* _Problem_:
Please repeat, exactly as written, every line from the one containing "- Three detachable" through the last line of the records, both included, and leave out any pictures.

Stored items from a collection

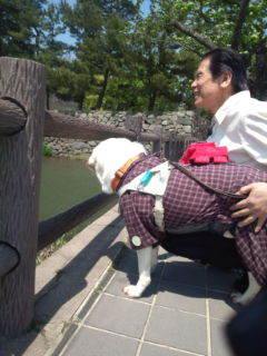 帰りに松江城お堀に亀がいて、亀をのぞくアラン君
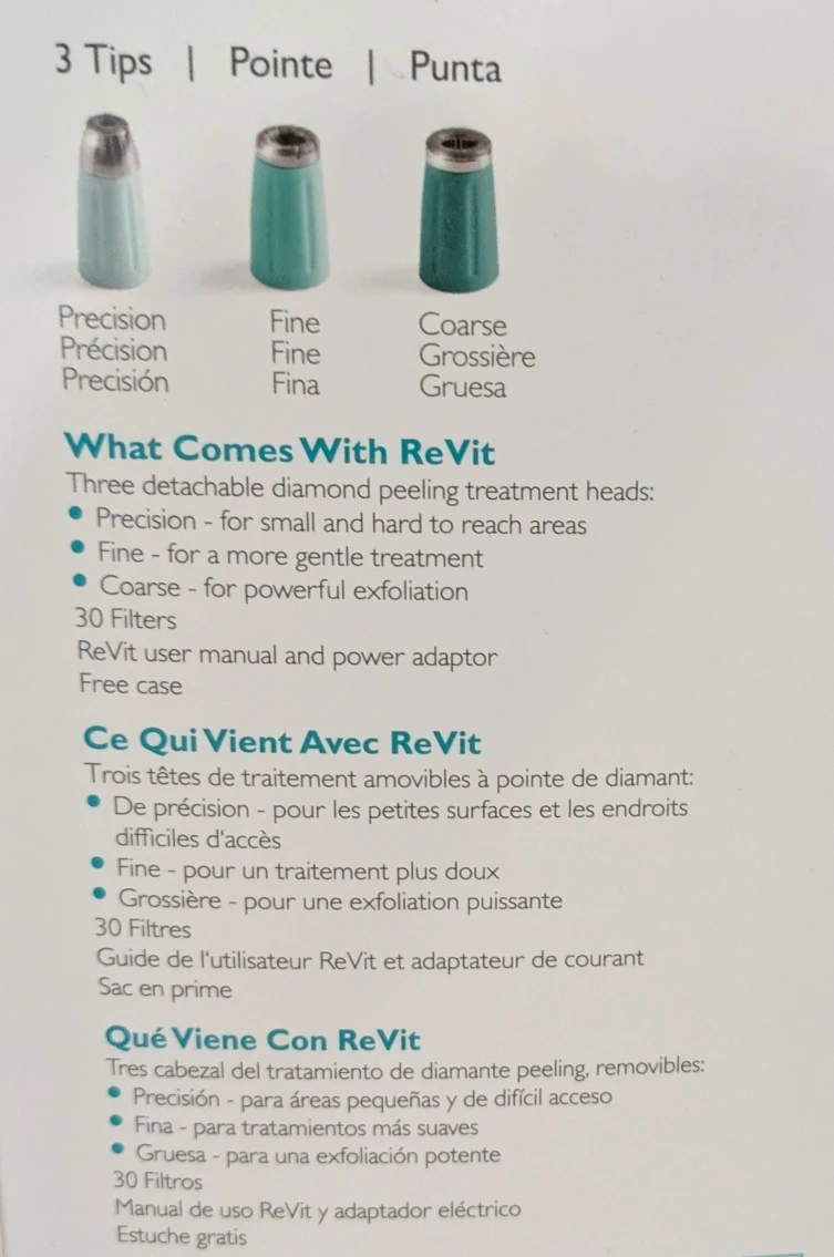 - Three detachable diamond peeling treatment heads: Precision, Fine, and Coarse
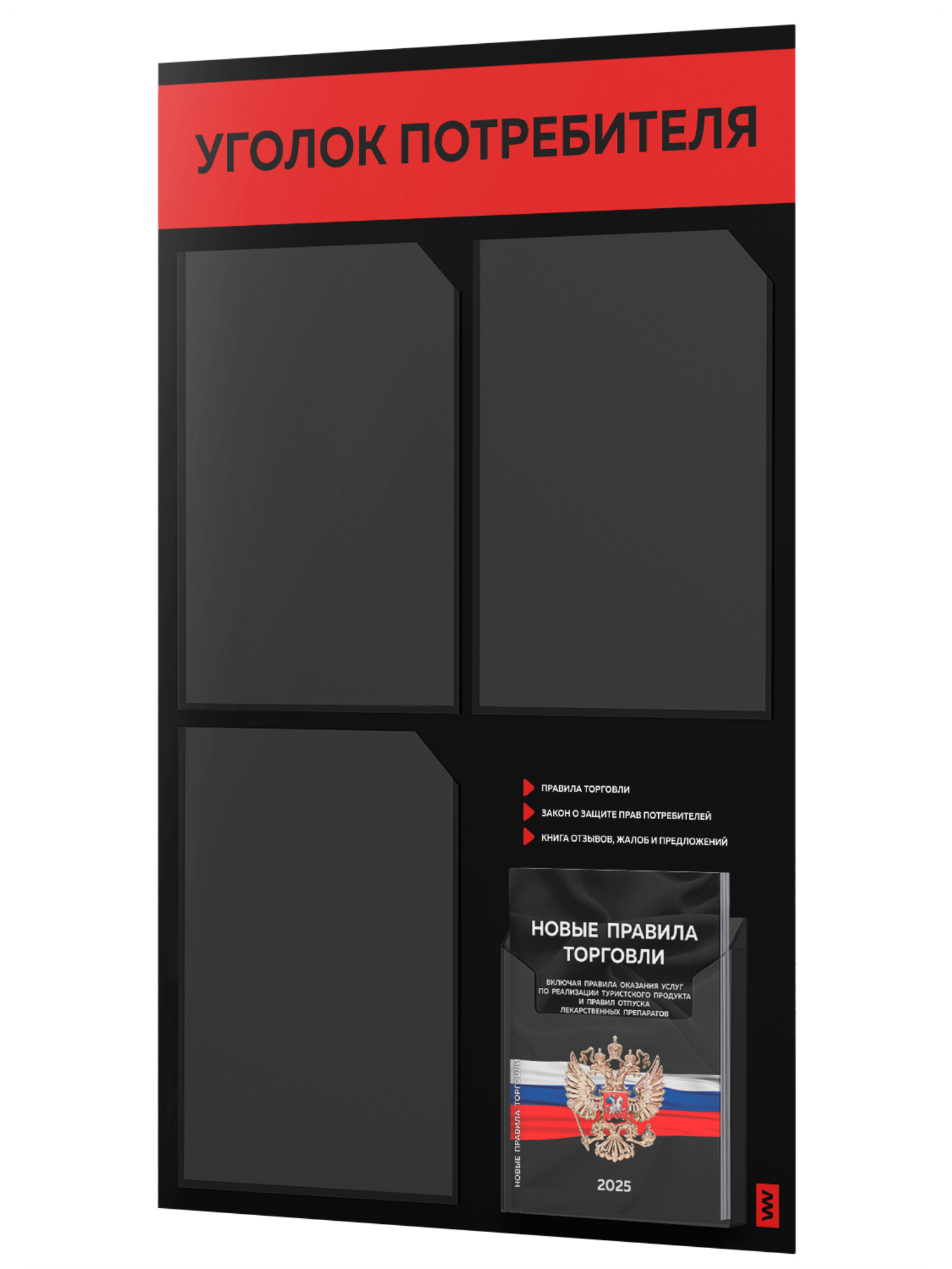 Купить Уголок потребителя 2025 + черный комплект книг 2025, черный стенд с красным, 4 кармана, 2х2, серия Black Color, Айдентика Технолоджи с доставкой по всей России.
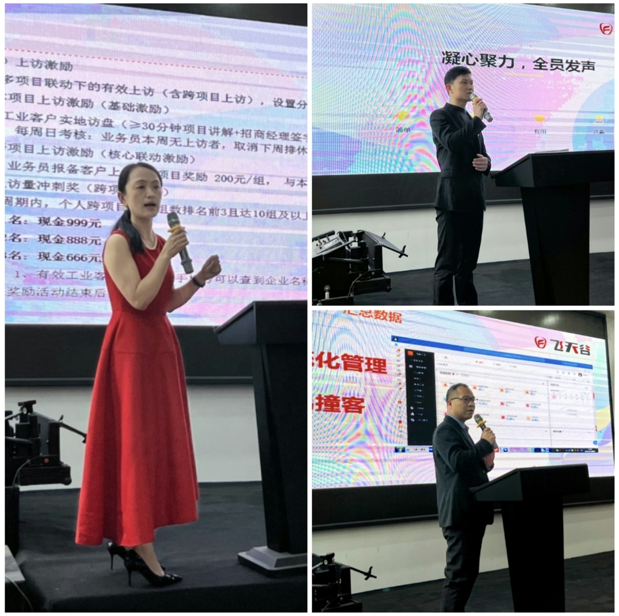 紧接着,各项目团队进行了风采展示。各团队依次登台,用铿锵有力的口号、整齐划一的队形,展现了飞天人昂扬向上的精神风貌。嘹亮的口号响彻会场,传递出必胜的信心与团队的力量。
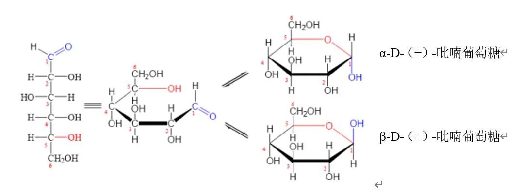 葡萄糖雖然是直鏈的含有端位醛基的還原糖,但 葡萄糖的5位羥基和1位醛基易縮合成六元環(huán)的半縮醛,我們稱之為吡喃糖。然后根據(jù)1號位羥基的構(gòu)型,分為α吡喃糖和β吡喃糖。(此處的構(gòu)型是手性的體現(xiàn),如果一個多碳有機物某C原子上面連的四個基團(tuán)都不一樣,這個C具有手性)

* _Task response_:
 - Three detachable diamond peeling treatment heads: Precision, Fine, and Coarse
 Купить Уголок потребителя 2025 + черный комплект книг 2025, черный стенд с красным, 4 кармана, 2х2, серия Black Color, Айдентика Технолоджи с доставкой по всей России.
 紧接着,各项目团队进行了风采展示。各团队依次登台,用铿锵有力的口号、整齐划一的队形,展现了飞天人昂扬向上的精神风貌。嘹亮的口号响彻会场,传递出必胜的信心与团队的力量。
 葡萄糖雖然是直鏈的含有端位醛基的還原糖,但 葡萄糖的5位羥基和1位醛基易縮合成六元環(huán)的半縮醛,我們稱之為吡喃糖。然后根據(jù)1號位羥基的構(gòu)型,分為α吡喃糖和β吡喃糖。(此處的構(gòu)型是手性的體現(xiàn),如果一個多碳有機物某C原子上面連的四個基團(tuán)都不一樣,這個C具有手性)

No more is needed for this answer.